_Required action_
What follows is a set of records. Retype them exactly, leaving out the pictures.
▬▬▬▬▬▬
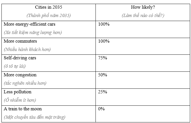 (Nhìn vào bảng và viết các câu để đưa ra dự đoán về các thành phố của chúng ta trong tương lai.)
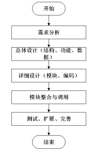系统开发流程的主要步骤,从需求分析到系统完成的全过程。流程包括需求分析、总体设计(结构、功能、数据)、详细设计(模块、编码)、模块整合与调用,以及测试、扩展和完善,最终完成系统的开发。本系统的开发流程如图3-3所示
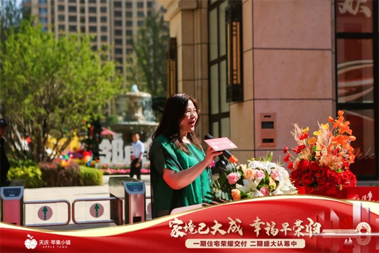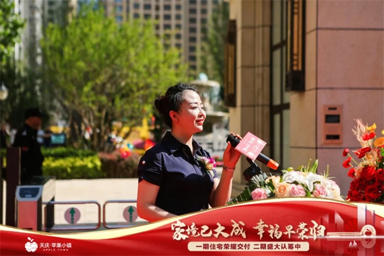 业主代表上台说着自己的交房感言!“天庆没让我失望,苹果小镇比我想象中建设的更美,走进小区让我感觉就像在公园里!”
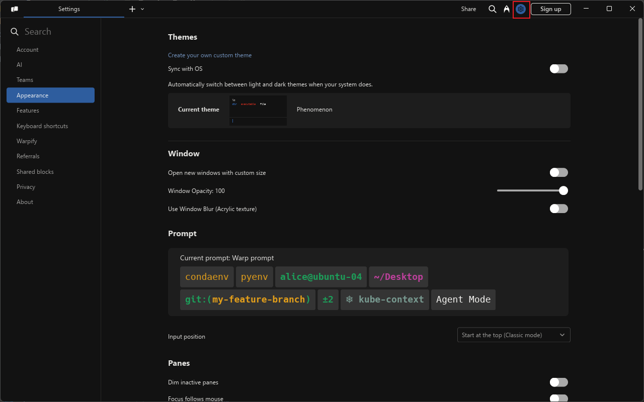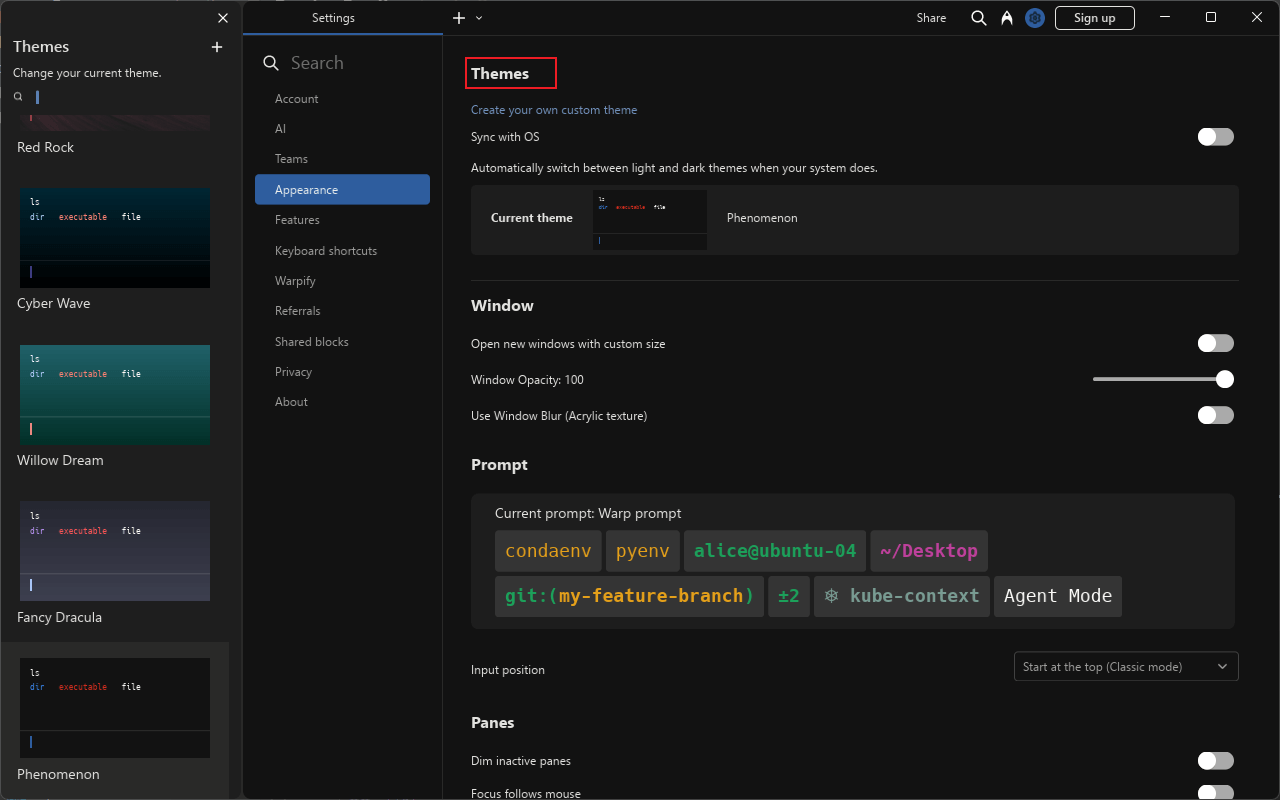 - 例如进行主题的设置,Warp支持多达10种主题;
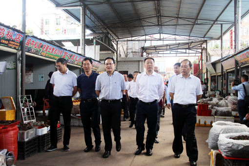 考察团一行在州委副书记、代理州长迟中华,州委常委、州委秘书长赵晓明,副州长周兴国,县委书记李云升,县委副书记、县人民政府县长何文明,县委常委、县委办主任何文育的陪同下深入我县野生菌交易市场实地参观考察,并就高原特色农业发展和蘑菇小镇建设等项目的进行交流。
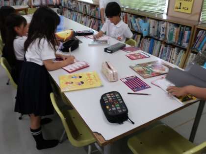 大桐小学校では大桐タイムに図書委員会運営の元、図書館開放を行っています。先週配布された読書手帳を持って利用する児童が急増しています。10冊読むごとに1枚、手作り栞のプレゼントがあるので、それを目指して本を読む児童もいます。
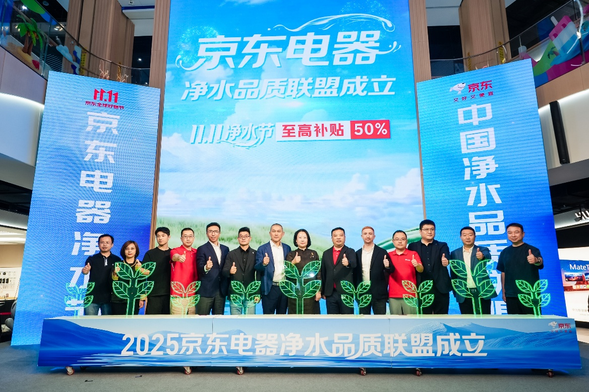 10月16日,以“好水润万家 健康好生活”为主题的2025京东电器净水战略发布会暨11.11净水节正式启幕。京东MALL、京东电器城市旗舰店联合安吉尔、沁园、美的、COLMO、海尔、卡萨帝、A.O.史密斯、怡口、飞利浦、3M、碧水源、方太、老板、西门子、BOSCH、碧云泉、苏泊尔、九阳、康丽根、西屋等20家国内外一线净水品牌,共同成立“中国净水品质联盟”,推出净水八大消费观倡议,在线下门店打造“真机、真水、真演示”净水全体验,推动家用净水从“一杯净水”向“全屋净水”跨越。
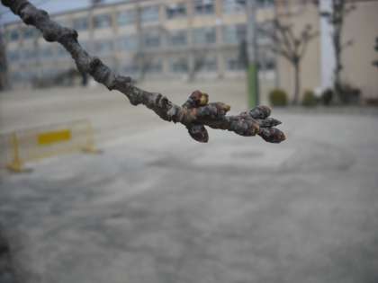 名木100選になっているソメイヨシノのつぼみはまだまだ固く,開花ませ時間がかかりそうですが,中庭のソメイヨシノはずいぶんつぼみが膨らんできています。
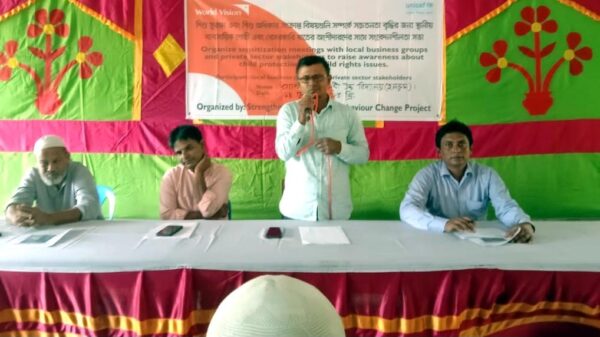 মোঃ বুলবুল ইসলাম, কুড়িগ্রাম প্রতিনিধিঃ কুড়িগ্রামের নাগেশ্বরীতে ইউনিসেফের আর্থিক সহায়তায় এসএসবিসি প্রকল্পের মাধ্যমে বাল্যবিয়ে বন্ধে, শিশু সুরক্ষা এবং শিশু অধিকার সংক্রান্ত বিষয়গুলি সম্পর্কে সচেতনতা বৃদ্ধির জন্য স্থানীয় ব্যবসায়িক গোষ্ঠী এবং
▬▬▬▬▬▬
_Solution for this exercise_
 (Nhìn vào bảng và viết các câu để đưa ra dự đoán về các thành phố của chúng ta trong tương lai.)
系统开发流程的主要步骤,从需求分析到系统完成的全过程。流程包括需求分析、总体设计(结构、功能、数据)、详细设计(模块、编码)、模块整合与调用,以及测试、扩展和完善,最终完成系统的开发。本系统的开发流程如图3-3所示
 业主代表上台说着自己的交房感言!“天庆没让我失望,苹果小镇比我想象中建设的更美,走进小区让我感觉就像在公园里!”
 - 例如进行主题的设置,Warp支持多达10种主题;
 考察团一行在州委副书记、代理州长迟中华,州委常委、州委秘书长赵晓明,副州长周兴国,县委书记李云升,县委副书记、县人民政府县长何文明,县委常委、县委办主任何文育的陪同下深入我县野生菌交易市场实地参观考察,并就高原特色农业发展和蘑菇小镇建设等项目的进行交流。
 大桐小学校では大桐タイムに図書委員会運営の元、図書館開放を行っています。先週配布された読書手帳を持って利用する児童が急増しています。10冊読むごとに1枚、手作り栞のプレゼントがあるので、それを目指して本を読む児童もいます。
 10月16日,以“好水润万家 健康好生活”为主题的2025京东电器净水战略发布会暨11.11净水节正式启幕。京东MALL、京东电器城市旗舰店联合安吉尔、沁园、美的、COLMO、海尔、卡萨帝、A.O.史密斯、怡口、飞利浦、3M、碧水源、方太、老板、西门子、BOSCH、碧云泉、苏泊尔、九阳、康丽根、西屋等20家国内外一线净水品牌,共同成立“中国净水品质联盟”,推出净水八大消费观倡议,在线下门店打造“真机、真水、真演示”净水全体验,推动家用净水从“一杯净水”向“全屋净水”跨越。
 名木100選になっているソメイヨシノのつぼみはまだまだ固く,開花ませ時間がかかりそうですが,中庭のソメイヨシノはずいぶんつぼみが膨らんできています。
 মোঃ বুলবুল ইসলাম, কুড়িগ্রাম প্রতিনিধিঃ কুড়িগ্রামের নাগেশ্বরীতে ইউনিসেফের আর্থিক সহায়তায় এসএসবিসি প্রকল্পের মাধ্যমে বাল্যবিয়ে বন্ধে, শিশু সুরক্ষা এবং শিশু অধিকার সংক্রান্ত বিষয়গুলি সম্পর্কে সচেতনতা বৃদ্ধির জন্য স্থানীয় ব্যবসায়িক গোষ্ঠী এবং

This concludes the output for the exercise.